:: EXERCISE OBJECTIVE ::
Copy only what lies from the line containing "研究生会在213会议室举办读" through the line containing "進路指導部の方から数字で現れ" in the entries below, keeping both end lines exact and dropping every picture.

:: DATASET EXTRACT ::
———

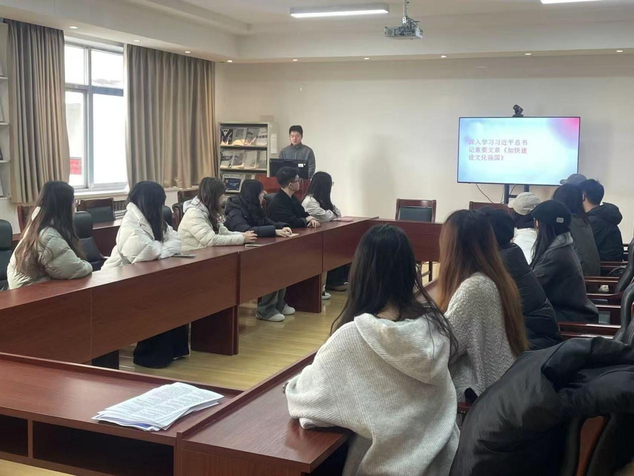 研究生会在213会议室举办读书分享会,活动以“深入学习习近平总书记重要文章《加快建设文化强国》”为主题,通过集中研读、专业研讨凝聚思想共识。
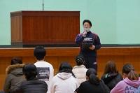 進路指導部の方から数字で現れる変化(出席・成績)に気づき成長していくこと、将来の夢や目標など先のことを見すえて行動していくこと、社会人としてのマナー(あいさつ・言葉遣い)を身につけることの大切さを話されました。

———

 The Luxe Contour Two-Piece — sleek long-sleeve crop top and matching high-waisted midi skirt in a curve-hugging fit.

———

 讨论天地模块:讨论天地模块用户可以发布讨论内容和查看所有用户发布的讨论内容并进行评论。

———

:: FINISHED TASK ::
 研究生会在213会议室举办读书分享会,活动以“深入学习习近平总书记重要文章《加快建设文化强国》”为主题,通过集中研读、专业研讨凝聚思想共识。
 進路指導部の方から数字で現れる変化(出席・成績)に気づき成長していくこと、将来の夢や目標など先のことを見すえて行動していくこと、社会人としてのマナー(あいさつ・言葉遣い)を身につけることの大切さを話されました。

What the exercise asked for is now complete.